**What is required**: Leaving the pictures aside, return all of the data below exactly.

**Data section**:
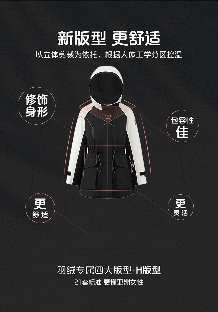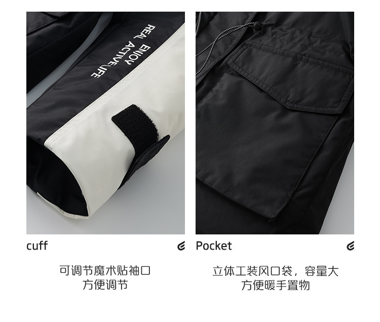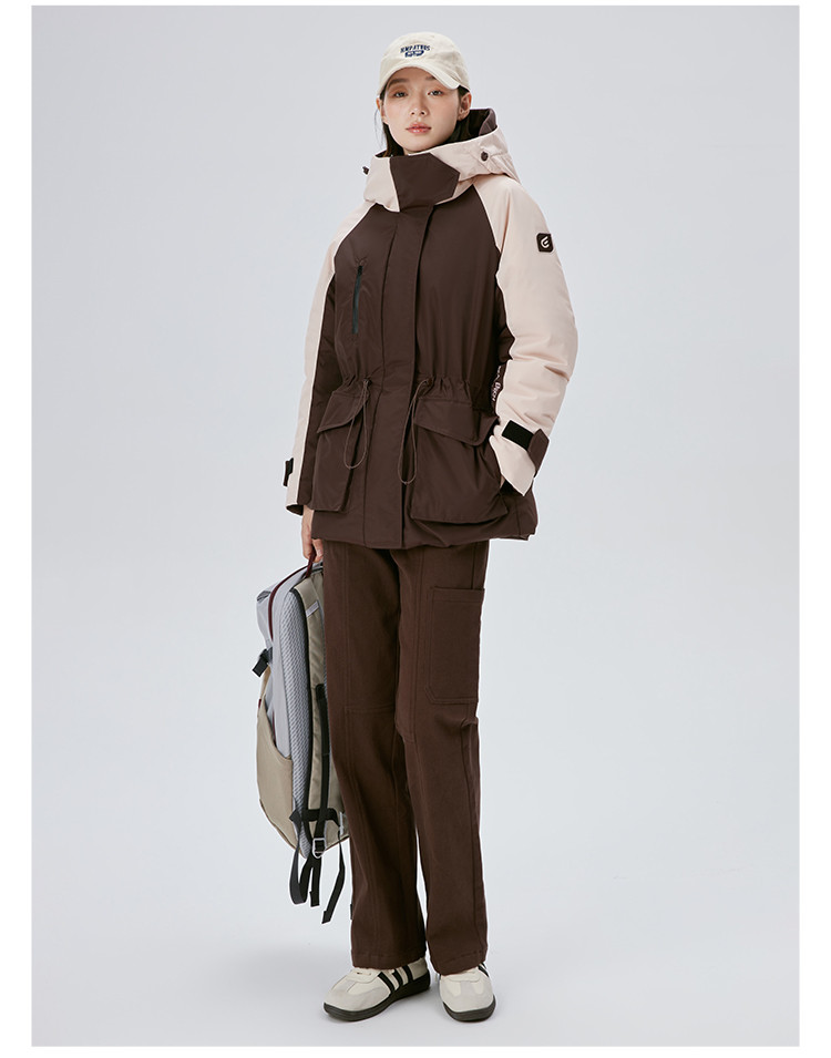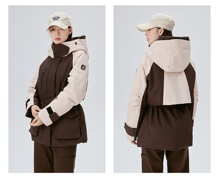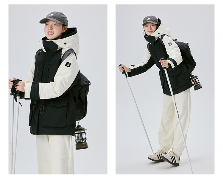 工装风户外羽绒服女冬季时尚撞色连帽宽松工装外套派克服 126294
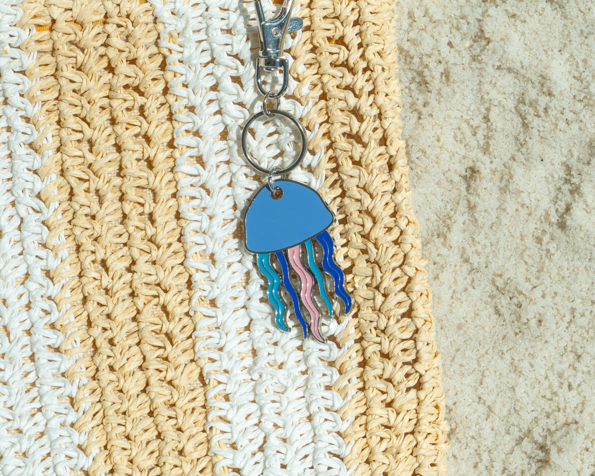 Bring a touch of the ocean to your accessories with?jelly fish keychain bag charms.
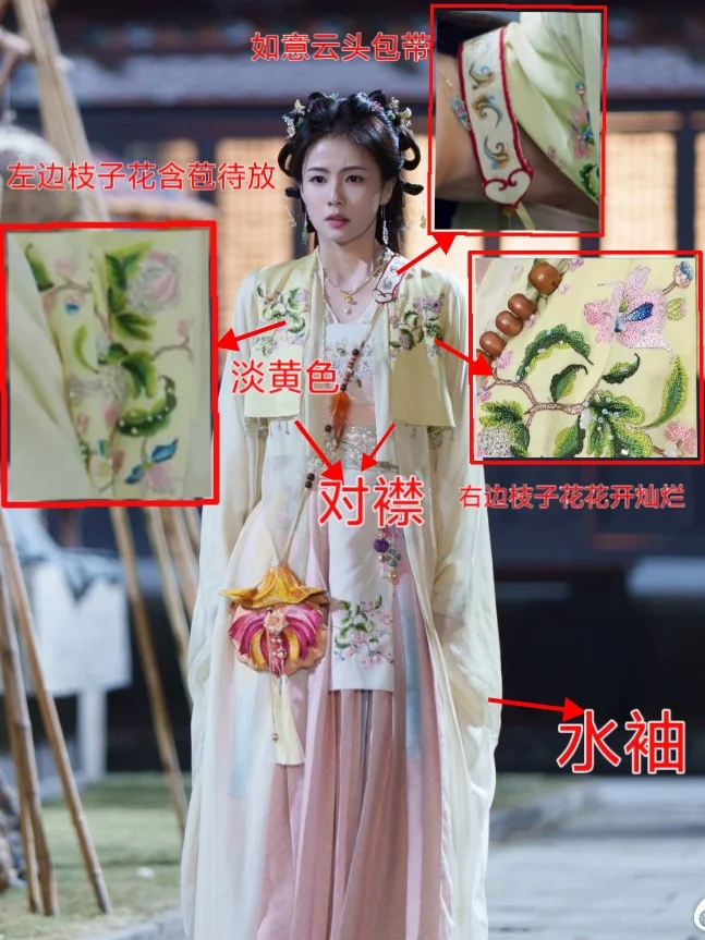 ✅白烁的衣服是对襟样式,虽无领但把女帔领子的样子融入在了包带上,如意云头也表现了出来。
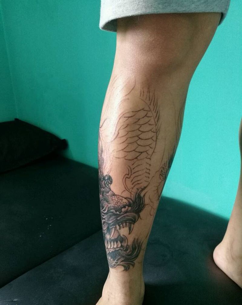 当前位置: 首页 >云南省大理白族自治州纹身店-不倒翁刺青穿孔(大理店)纹身图案>龙包小腿,进度~纹身图片

**Output below**:
 工装风户外羽绒服女冬季时尚撞色连帽宽松工装外套派克服 126294
 Bring a touch of the ocean to your accessories with?jelly fish keychain bag charms.
 ✅白烁的衣服是对襟样式,虽无领但把女帔领子的样子融入在了包带上,如意云头也表现了出来。
 当前位置: 首页 >云南省大理白族自治州纹身店-不倒翁刺青穿孔(大理店)纹身图案>龙包小腿,进度~纹身图片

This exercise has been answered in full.